Le biométhane est-il vraiment plus cher que le gaz naturel ? Que dit votre étude ?

Pierre-Philippe Crépin : Effectivement, quand on regarde le marché du gaz naturel en Europe, il y a quelques semaines, on était autour de 30 € du MWh. Et quand on compare au coût de production du biométhane, on est plutôt à 120 € du MWh. Donc le delta est assez important. En réalité, ce que cachent ces chiffres, c'est qu'il y a un certain nombre de coûts qui ne sont pas compris dans ces deux chiffres. Et notamment pour le gaz naturel, il faut ajouter le coût du transport, le coût des réseaux, différentes taxes.

Le gaz naturel liquéfié qui vient des États-Unis, par exemple ?

Pierre-Philippe Crépin : Voilà, par exemple. On a eu historiquement une importation de gaz russe par pipeline. Aujourd'hui, c'est du gaz naturel liquéfié qui est transporté par bateau. Il faut des terminaux gaziers en Europe. Tout ça rajoute des coûts. Il y a des taxes. Il y a le prix carbone, également, qui vient augmenter la facture du gaz naturel. Et un particulier, quand il regarde sa facture à la fin de l'année, il s'aperçoit qu'il paie plutôt 140 € du MWh. De l'autre côté, le biométhane a également quelques coûts supplémentaires, mais également quelques coûts en moins, dus à la valorisation des coproduits, le digestat et le bio-CO2. Et à la fin, on arrive quasiment à parité pour un particulier.
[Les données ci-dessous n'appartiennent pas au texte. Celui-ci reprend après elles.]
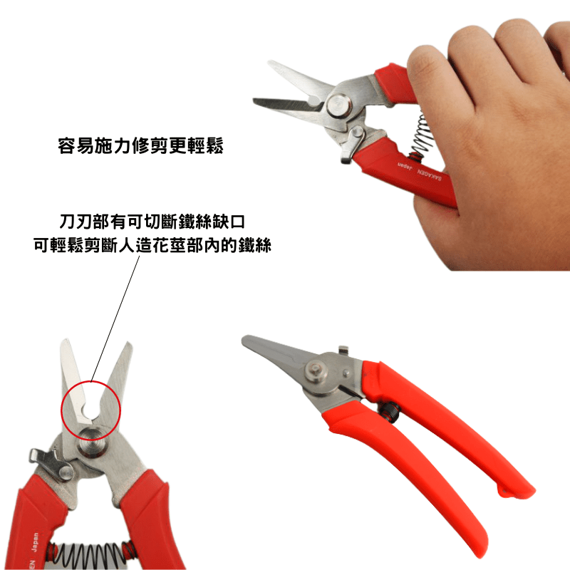 | 產品規格 | 品名:坂源人造花剪(鐵絲能剪斷) 刀刃部採用高碳素鋼材打造 化電鍍學鎳處理.防鏽能力佳! 更長的手柄使用上更省力 容易施力修剪更輕鬆 產地 日本 |

Et donc, le biométhane, finalement, est compétitif d'un point de vue du consommateur.

Et ça l'est encore plus avec la crise au Moyen-Orient, qui fait que le gaz naturel est de plus en plus cher.

Pierre-Philippe Crépin : L'Europe aujourd'hui, elle importe 90 % de son gaz. Comme je l'ai dit, aujourd'hui, c'est plutôt du gaz naturel liquéfié. C'est un marché mondial. Et un des plus gros producteurs de gaz naturel liquéfié, c'est également le Qatar, qui a subi ces bombardements et donc qui a dû arrêter sa production. Ça a mis le marché sous tension et donc les prix ont explosé. Aujourd'hui, on est plutôt à 60 euros du MWh qu'à 30 pour l'achat de gaz européen.

Quelles sont les autres vertus du biométhane ?

Pierre-Philippe Crépin : Là, on s'est placé d'un point de vue du consommateur. Si on se place d'un point de vue des finances publiques et de la balance commerciale des États, le gaz naturel, c'est une importation. C'est une fuite de valeur de l'Europe. Quand on rajoute à ça les bénéfices que sont les différentes taxes, etc., on arrive quand même à un déficit de quelque chose comme 30 € du MWh pour le gaz naturel pour les États. De l'autre côté, le biométhane, c'est une industrie locale. Il faut 20 fois plus d'emplois en Europe pour produire du biométhane que pour produire du gaz naturel pour une même quantité d'énergie. Quand on rajoute toutes les taxes pour le biométhane non subventionné, on a un bénéfice net de l'ordre de 50 € du MWh. L'écart est considérable, ça justifie totalement le fait d'investir dans le biométhane, c'est une décision économique rationnelle, et ça permet en plus de se décarboner et de se prémunir contre la vulnérabilité géopolitique actuelle.